Ikea’s corporate structure is insanely complicated. It is technically owned by a Dutch charitable nonprofit — a strategy that allows the group to pay 3.5% tax on annual profits of €553m. However, the charity itself appears to do almost no charitable giving. Most of the money disappears into generic line-items like “other operating charges” which it refuses to explain.
In 2004, the last year that the INGKA Holding group filed accounts, the company reported profits of €1.4 billion on sales of €12.8 billion, a margin of nearly 11 percent. Because INGKA Holding is owned by the nonprofit INGKA Foundation, none of this profit is taxed. The foundation’s nonprofit status also means that the Kamprad family cannot reap these profits directly, but the Kamprads do collect a portion of IKEA sales profits through the franchising relationship between INGKA Holding and Inter IKEA Systems.
Inter IKEA Systems collected €631 million of franchise fees in 2004, but reported pre-tax profits of only €225 million in 2004. One of the major pre-tax expenses that Inter IKEA systems reported was €590 million of “other operating charges.” IKEA has refused to explain these charges, but Inter IKEA Systems appears to make large payments to I.I. Holding, another Luxembourg-registered group that, according to The Economist, “is almost certain to be controlled by the Kamprad family.” I.I. Holding made a profit of €328 million in 2004.
In 2004, the Inter IKEA group of companies and I.I. Holding reported combined profits of €553m and paid €19m in taxes, or approximately 3.5 percent.[22]
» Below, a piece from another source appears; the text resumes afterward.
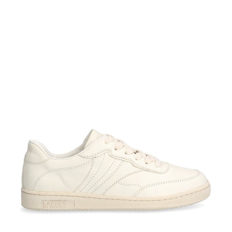 Agar, sneakers från Läeder by Nature i offvitt,kromfritt skinn. Foder och skoband tillverkade av bomull i Organic Textile Standard, innersulor i skummaterial som består av 100% återvunnen PU. Sneakerssula i gummiblandning, 30% naturgummi och 70% syntetisk gummi, med en beige ton som bryter av snyggt mot det vita skinnet i ovandelen. Hela skon är tillverkad i en miljömedveten process, inkl emballage och energiproduktion.

The Berne Declaration, a non-profit organization in Switzerland that promotes corporate responsibility, has formally criticized IKEA for its tax avoidance strategies. In 2007, the Berne Declaration nominated IKEA for one of its Public Eye “awards,” which highlight corporate irresponsibility and are announced during the World Economic Forum in Davos, Switzerland.[24]